Define the Route: we looked honestly at where the company was strongest, where the market had room, and where there were few competitors. The answer was a much narrower focus. A specific part of the market where almost nobody else was playing, with a service model and pricing to match.
Run the Climb: we worked in cycles. First, test it. Could they win the right clients at higher prices? Then double down. Then improve delivery. Then push on sales. Quarter by quarter, always asking the same question: what's the lowest hanging fruit that gives us the most right now?
The team went from avoiding hard conversations to making them normal. Hard on the problem, soft on the person.
A PE-backed group had bought four companies and was running them all separately. They needed to bring it together, fast, without breaking the businesses or losing the people who made them work.
Four companies, bought over time. Each one running its own operations, finance, HR and systems. The goal was easy to say and hard to do: bring the overhead together into one structure, cut the cost, and build something worth selling. Without breaking what was already working.
The hard part was never the numbers. It was the people. Four companies meant four cultures, four ways of working, four sets of interests. Get it wrong and the best people leave. Get it right and the whole group moves faster.
We brought everyone into the thinking as it took shape. The one on one conversations happened before the group ones. We listened at every step. So by the time the plan was on the table, it wasn't news to anyone. The hard conversations had already happened. Everyone in the room knew what was coming, and why.
Operations, finance and HR came together into one team across all four companies. Done in four months. One reporting system, one view across all four businesses, live within ten.
Done without the upheaval this kind of change usually brings.
Every mountain is different. Every climb has its own terrain, its own challenges, its own route.
But the principles that make a climb successful — those don't change.
A brand that exploded overnight, and needed an operation that could match the ambition.

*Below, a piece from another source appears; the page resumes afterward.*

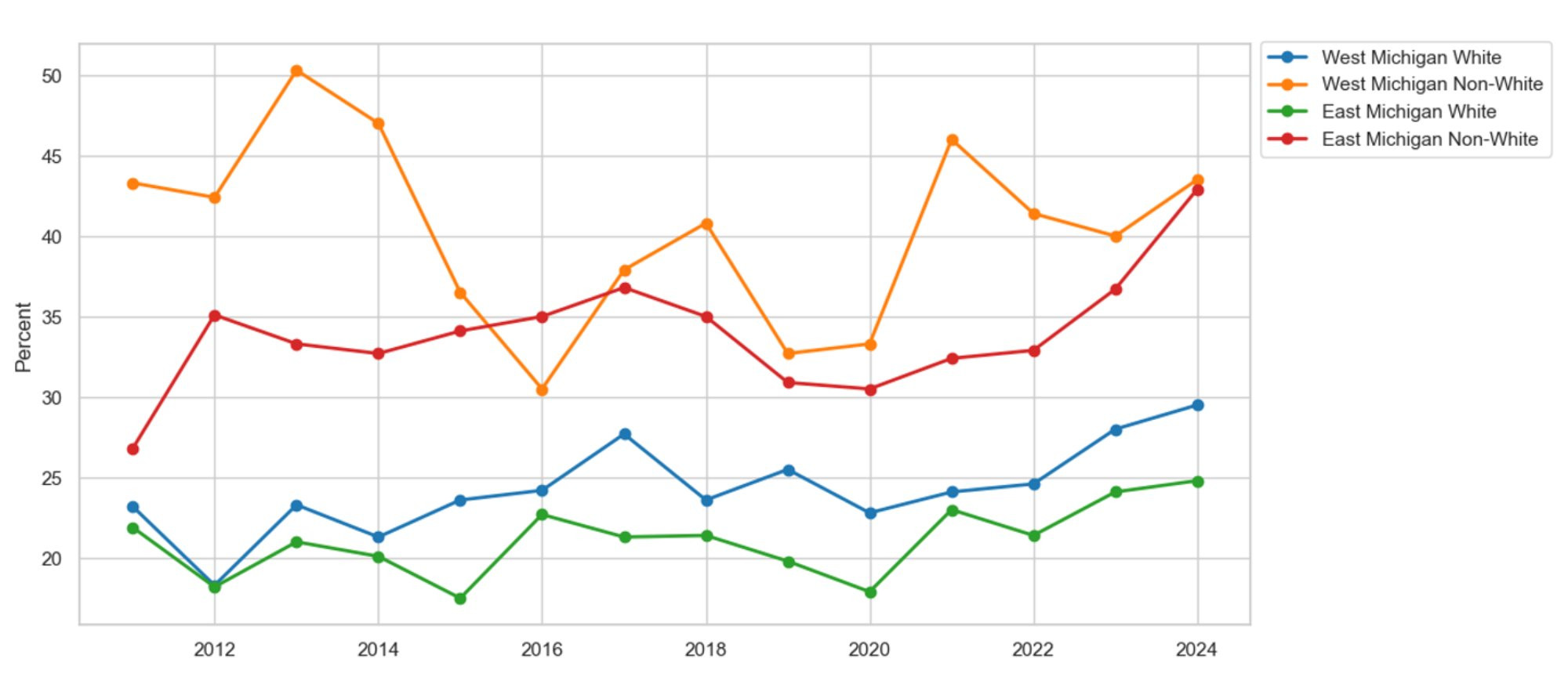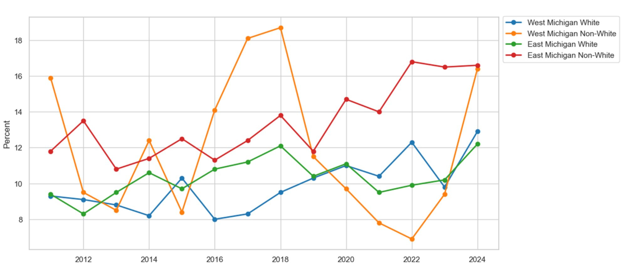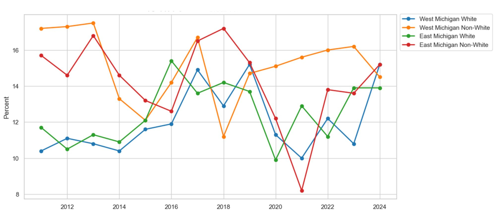 Figure 22 highlights the prevalence of depression by race and region. A data transformation warrants comment. For our non-white series, we add the proportion of residents reporting 14 or more poor mental health days, noting that minorities are less likely to seek professional help and are therefore less likely to receive a depression diagnosis (Panchal et al., 2024). We find that depression is up among all races and regions, except for those non-white residents in West Michigan. For example, since 2011, 6.3 percent more West Michigan whites report a depression diagnosis; however, this increase in depression pales in comparison to the rise in depression among East Michigan non-whites. Since 2011, depression within East Michigan’s non-white community has increased by 16.1 percent. Furthermore, the graphs also highlight the racial disparity in depression. On average, 16.1 percent more non-white residents report depression compared to white residents in West Michigan. Similarly, 12.9 percent more non-whites report depression than whites in East Michigan.
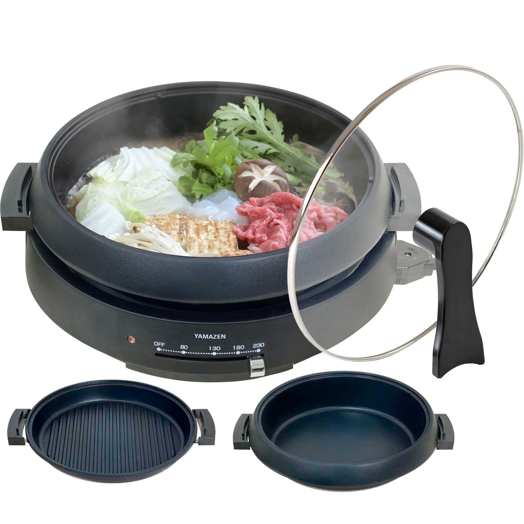 ●「焼く」「煮る」「蒸す」がこれ1台で楽しめる深鍋/波型プレートの2枚組グリル鍋。

The founder knew exactly what he wanted: to build the number one brand in his category across Europe. He knew exactly how he was going to win: be the fastest to deliver, have the best product, give the best customer service. Locally, it was already working. Then it scaled before he was ready.
Brilliant marketing created demand across Europe almost overnight. The team was small. The systems were local. The three promises that had won customers were now at serious risk. Speed, quality, service.
Run the Climb: one clear goal for the year: fast delivery anywhere in Europe, returns that actually worked, and customer service that matched the brand's promise. Quarter by quarter, we built the system. One question drove every decision: what is the biggest problem right now, and what is the fastest way to solve it?
The brand went on to be recognised by the Financial Times as one of the fastest growing e-commerce companies in Europe. No outside investment. Lean team. Built on the foundation put in place in that first year.
A specialist consultancy that needed to double its team without losing what made it good.
A specialist consultancy with a powerful brand and a problem most companies would envy. High value clients coming in from across the world. A brand so strong that talented people were queuing up to join. Revenue wasn't the problem. Hiring wasn't the problem. The problem was scale: how do you grow from 25 to 50 people fast, without becoming the thing you've always stood against?
Run the Climb: we designed and built the operational structure that would make the growth possible without killing the culture. Small autonomous business units, each with its own P&L. Built iteratively with the team, not handed down from above. Every week, demoed what we were building. Gathered feedback. Adjusted.